[NTLUG:Discuss] using dd to perform full backups
Chris Cox
cjcox at acm.org
Sat Dec 6 12:33:10 CST 2003
NTLUG wrote:
> On Fri, 2003-12-05 at 16:13, Robert Citek wrote:
>
>>To create an image of a partition (/dev/hda1) is fairly straightforward:
>> dd if=/dev/hda1 of=/tmp/part1.img
>
>
> I have heard (or at least I think I have) of people using dd as a backup
> method. Does anyone have any experience with this? How well does it
> work, what are the limitations? Obviously the benefits are its a
> complete image of the drive so the machine can be immediately re-created
> in a disaster.
>
Actually.. you can just do:
cp /dev/hda1 /tmp/part1.img
On Linux... but dd is more portable if you're not dealing with Linux.
dd combined with a correct multiple blocking factor might be
faster in certain cases.
I use image masters like this to rapidly create exact replicas of
systems where the HW is identical. Kind of like Ghost. Of course
Ghost let's you do all sorts of things and doesn't require each
machine to be identical in HW/disk configuration.
Other full disaster recovery elements are mondo/mindi and
mkcdrec.
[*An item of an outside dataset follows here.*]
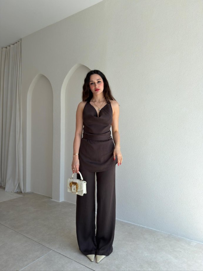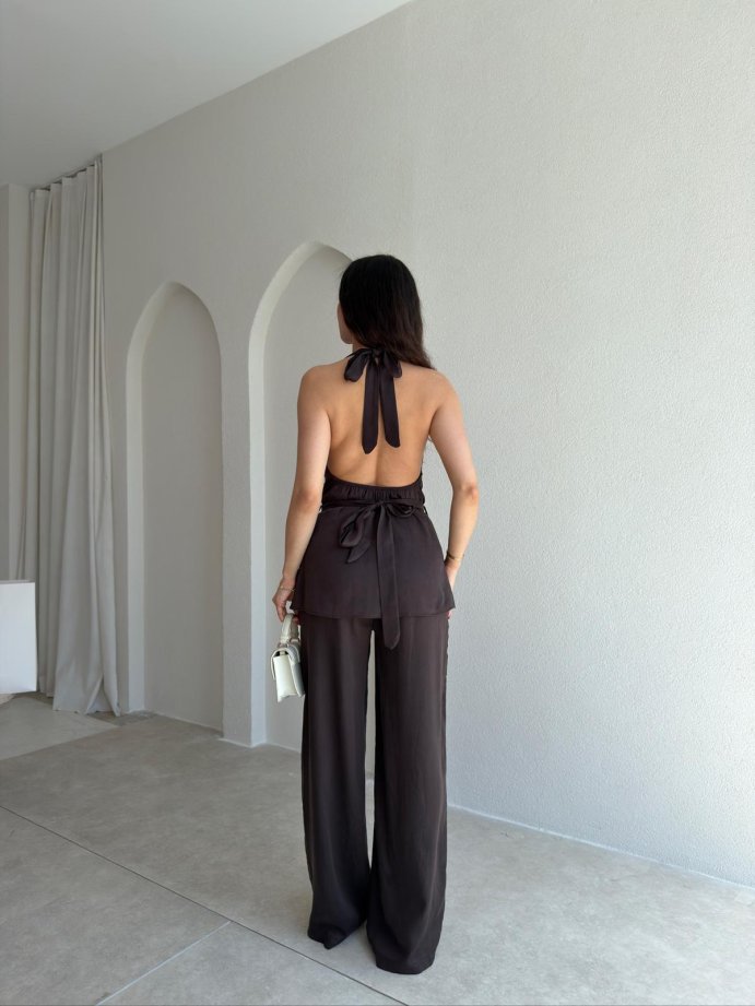 ORENDA Saten Kuşaklı Takım 5487 - Acı Kahve
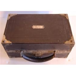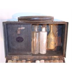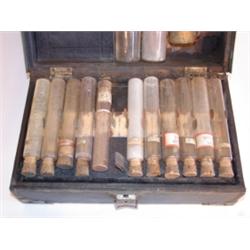 ANTIQUE CHEMIST CASE. Consists of leather case and 47 test tubes, two glass bottles, and one metal ware bottle. Inside of case is marked "St. Louis Leather Works". Case: 5.5" H, 11" W, 6.75" D

Right now, there has been more activity on mondo/mindi,
so I'd look at that project if you're interested in creating
full disaster recovery backups with the ability to make some
tweaks.
Commercial Linux dists like RH and SUSE have "config cloning like"
facilities that allow you to propagate a particular configuration
across different platforms quickly. They can be problematic
to setup initially, but once they're setup, that can be a
way to creating "like" configs across different HW. Not really
for backups, but for creating common configurations.